:: WHAT THE TASK REQUIRES ::
Below are some records. Quote exactly the lines from the one that contains "Last year, our" through the last, both included, and leave out the pictures.

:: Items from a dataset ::
- - - -

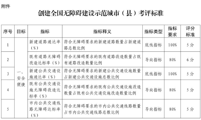 附件:创建全国无障碍建设示范城市(县)考评标准
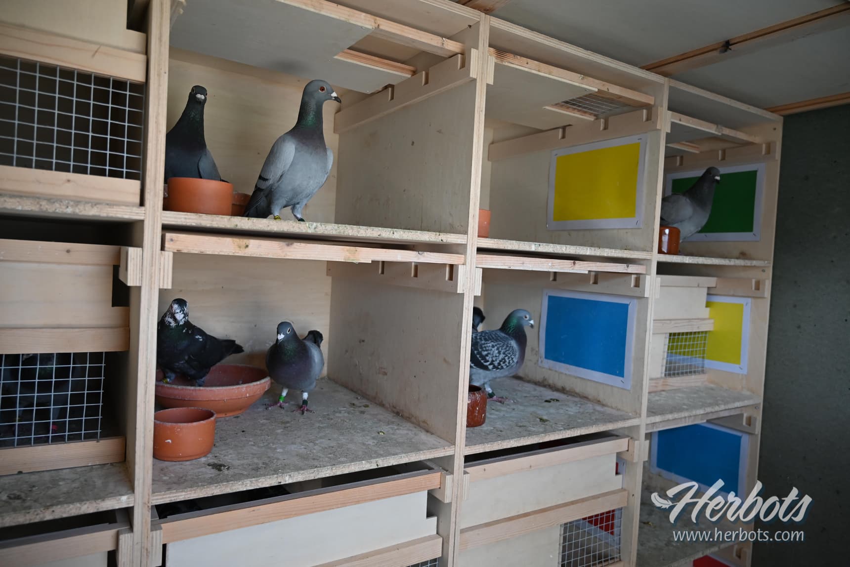 Het duivinnenhok is onderverdeeld in 2 afdelingen. In het eerste deel zijn er broedbakken en daarnaast een “rusthok” waarbij alles zo gestructureerd is dat de duivinnen niet kunnen paren. Aan het hok is er ook nog een hangvolière geïnstalleerd en bij warm weer worden de vliegduivinnen in deze volière opgesloten.
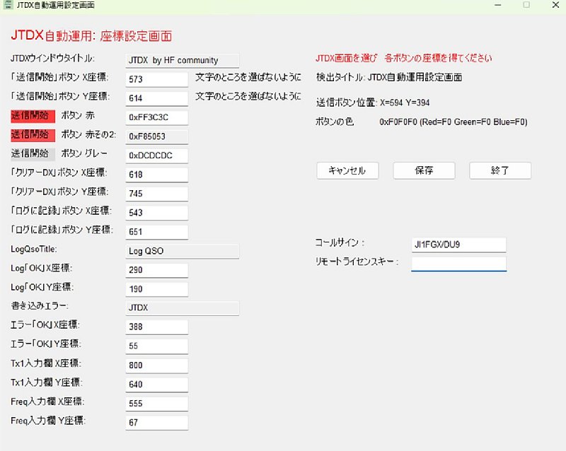 JTDXウインドウのボタンの座標を設定します |
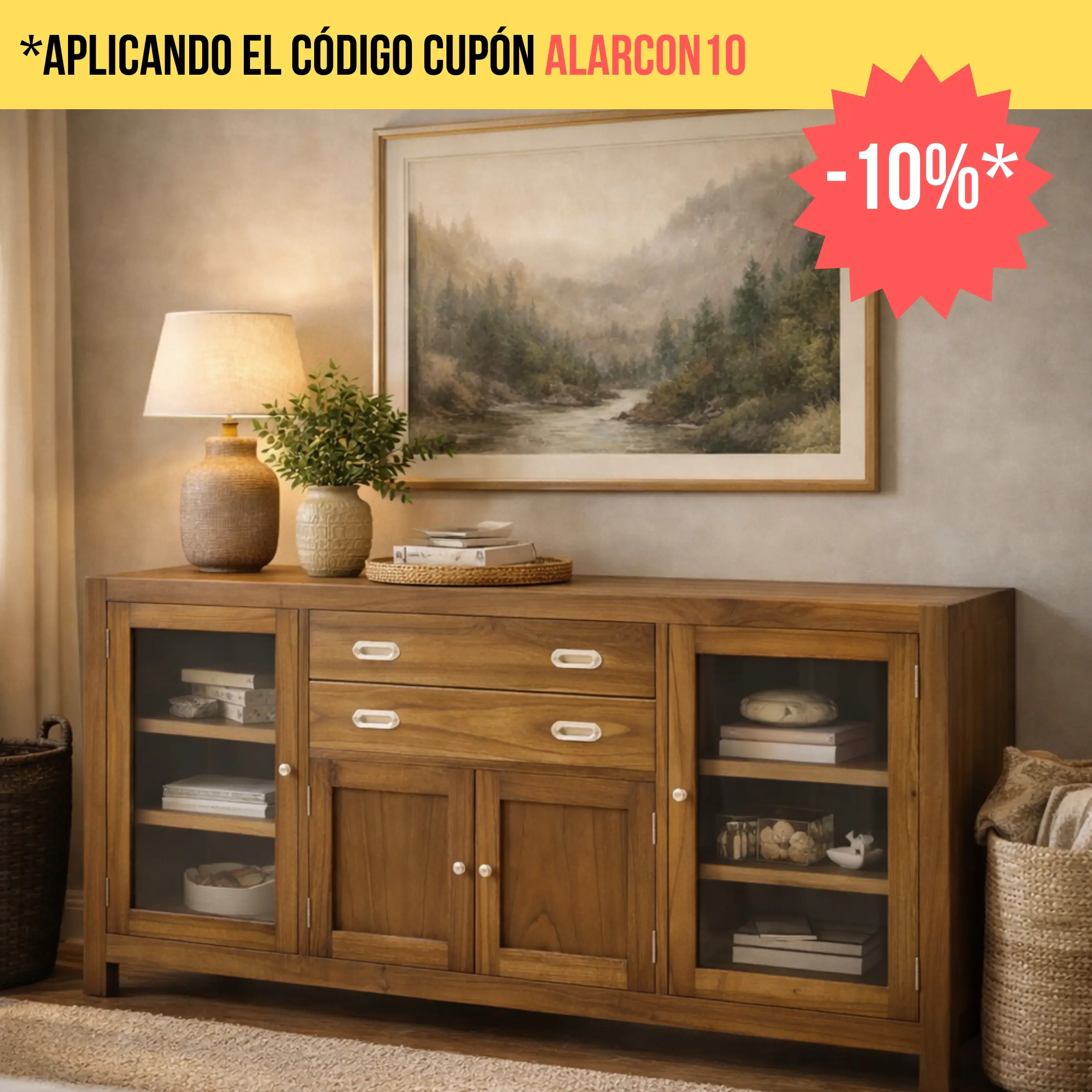 Los buffets rústicos de Moycor destacan por su autenticidad y acabados en madera natural, perfectos para crear un ambiente cálido y acogedor. Si prefieres un estilo más atrevido, nuestros buffets industriales y de estilo étnico ofrecen un carácter único y distintivo que añade personalidad a cualquier estancia. Para aquellos que buscan versatilidad y elegancia, nuestros buffets de metal y fibra natural son la opción ideal, combinando materiales duraderos con un diseño sofisticado.
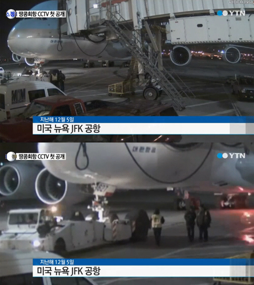 '땅콩 회항' 사건 당시 비행기가 탑승 게이트로 돌아오는 장면이 담긴 CCTV가 첫 공개됐다.
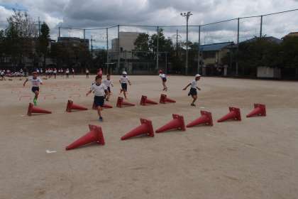 今日はミニハードル走の練習をしました。ミニハードルや倒したコーンなどを跳び越えます。リズムよく跳び越えながら,50mをかけ抜けます。
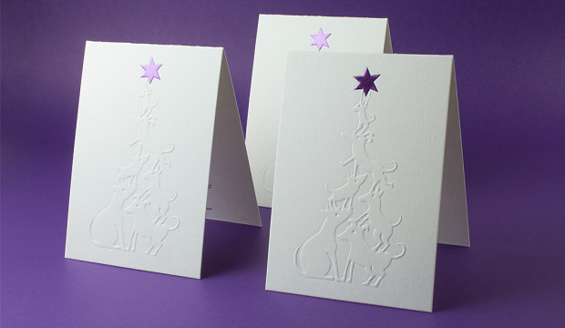 Last year, our loyal mates at KW Doggett invited us to print their 2015 Christmas card on their stock, Wild. Wild is an Italian-made paper that lends itself to embellishment, because of it’s high bulk, cotton fibres that reveal a sharp impression, and Doggetts wanted to showcase this capability. We used CLIQX to achieve the crisp, eye-catching letterpress result finishing the cards with a combination of blind embossing and foiling in the Doggetts signature purple.
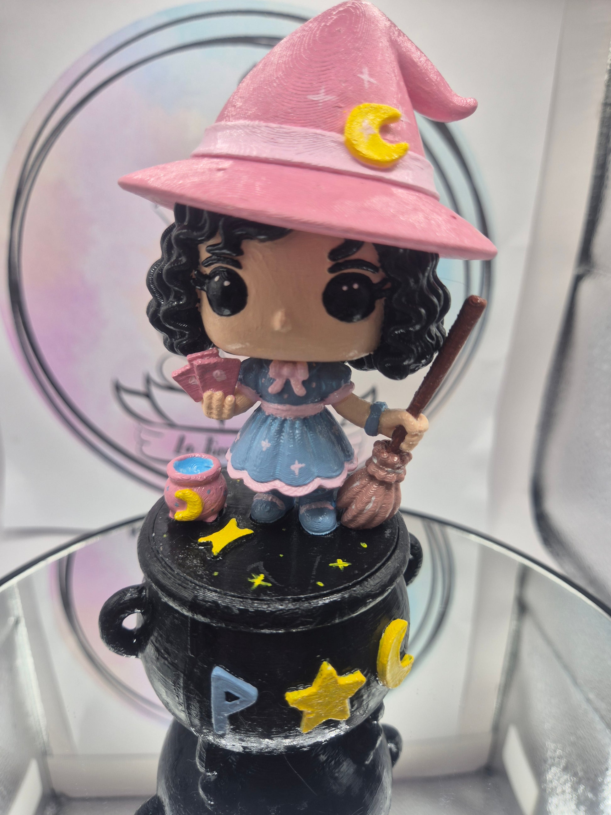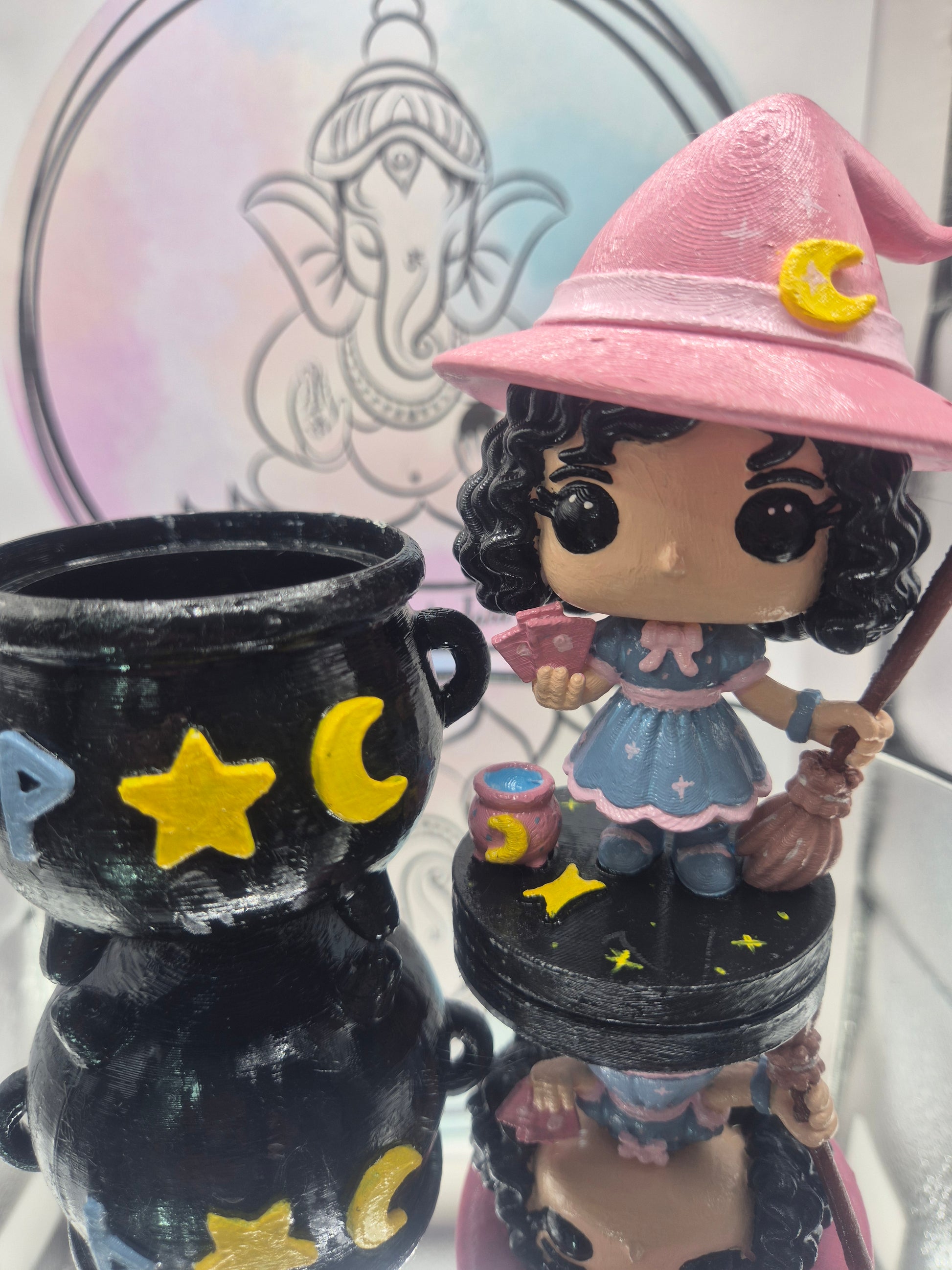 Brujita Tata con Caldero y puedes poner dentro del caldero, tus joyas, minerales o lo que desees.

- - - -

:: PROBLEM SOLUTION ::
 Last year, our loyal mates at KW Doggett invited us to print their 2015 Christmas card on their stock, Wild. Wild is an Italian-made paper that lends itself to embellishment, because of it’s high bulk, cotton fibres that reveal a sharp impression, and Doggetts wanted to showcase this capability. We used CLIQX to achieve the crisp, eye-catching letterpress result finishing the cards with a combination of blind embossing and foiling in the Doggetts signature purple.
 Brujita Tata con Caldero y puedes poner dentro del caldero, tus joyas, minerales o lo que desees.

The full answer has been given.